The Steel-Wraith's engine gave one final, metallic cough before the Pressure-Core went cold. We were deep in the "Sump-Basins," a part of the Deep-Sinks where the city's plumbing met the natural limestone caverns. The air was thick with the smell of stagnant mana and rotting iron.
I sat in the cockpit for a long minute, my hands still fused to the steering levers. The silence of the Sinks wasn't like the silence of the Dead-Zone. It was a wet, heavy thing, filled with the dripping of pipes and the distant, rhythmic thumping of the city's heart far above.
"Out," I croaked.
The hatch hissed open, releasing a cloud of acrid, violet steam. The father stumbled out, his expensive boots ruined by the black sludge on the cavern floor. He clutched the vial like a holy relic. The golden mist inside was calm now, swirling in slow, graceful loops that mirrored a heartbeat.
"Where are we?" he whispered, staring at the walls of junk and discarded machinery that towered around us.

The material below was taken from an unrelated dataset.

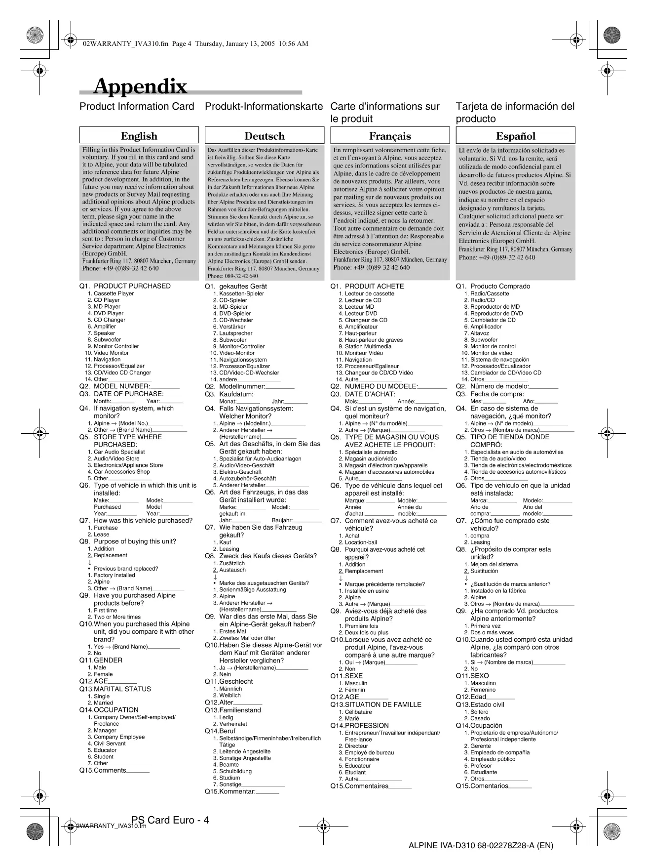 Download the instructions for your Car stereo in PDF format for free! Find your manual IVA-D310R - ALPINE and take your electronic device back in hand. On this page are published all the documents necessary for the use of your device. IVA-D310R by ALPINE.

"The Rust-Garden," I said, climbing down. My left arm was a dead weight at my side, the skin over my fractured core charred a faint, silvery grey. "It's a graveyard for things the Spires couldn't fix. Including people."
I looked at the Steel-Wraith. The matte-black armor was scorched by lightning-bolts and scraped raw by the tunnel walls. It looked like a wounded predator. I couldn't leave it here; the Watch would find the heat signature within hours.

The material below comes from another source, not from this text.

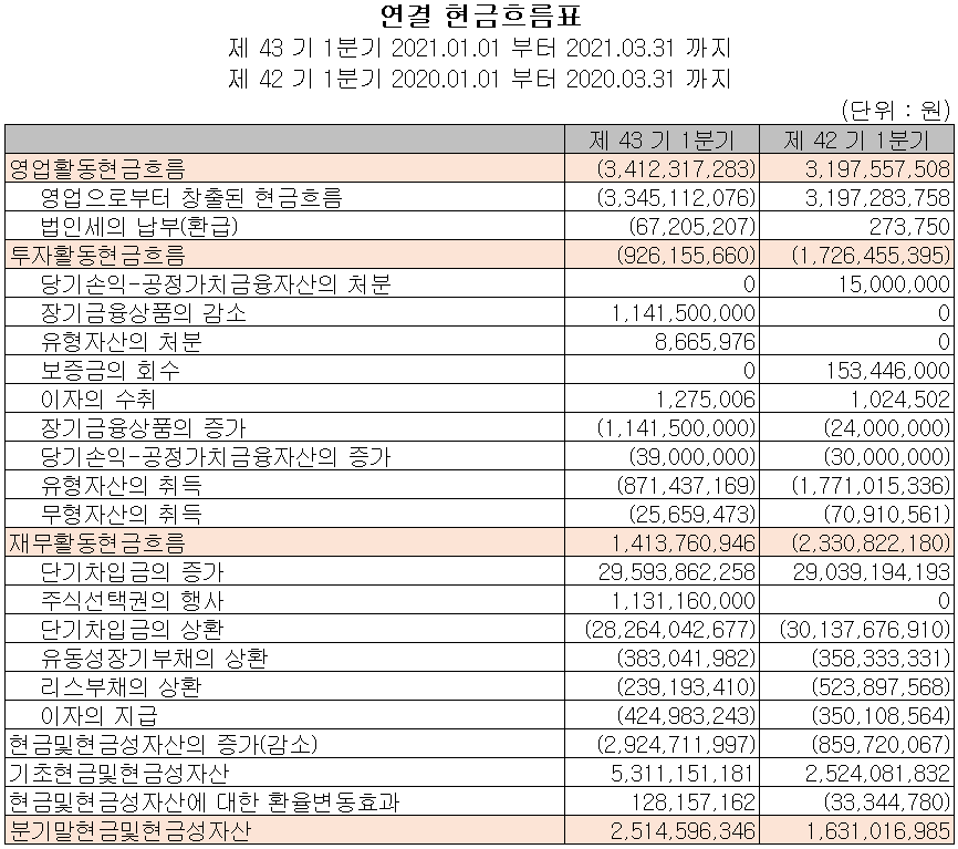 지난 1분기 영업활동 현금흐름에서는 34억 원의 현금이 유출되었으며, 차입금 조달 및 주식 선택권 행사 등으로 자금을 조달하여 부채를 상환하였습니다. 2021년 1분기 말 기준 현금 및 현금성 자산은 25억 원을 보유하고 있습니다.

I reached into the cockpit and pulled a manual release lever. A hidden compartment in the floorboards popped open, revealing a row of Corrosive-Amps.
"What are you doing?" the father asked, his eyes wide.

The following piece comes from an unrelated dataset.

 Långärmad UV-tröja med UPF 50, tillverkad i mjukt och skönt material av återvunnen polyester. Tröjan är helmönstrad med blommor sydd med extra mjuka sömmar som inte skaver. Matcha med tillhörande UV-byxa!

"Erasing the trail," I said.
I cracked the glass amps and tossed them into the engine block. The acid began to hiss instantly, eating through the reinforced iron and melting the serial numbers off the Pressure-Core. In ten minutes, the Wraith would be nothing but a pile of slag. Marta would kill me, but a dead driver can't pay his debts anyway.
"We need to move," I said, grabbing a tattered canvas tarp from a pile of junk and throwing it over the remains of the vehicle. "The 'Rat-Catchers' failed, which means the High-City is going to stop sending mercenaries. They're going to send The Hollowed."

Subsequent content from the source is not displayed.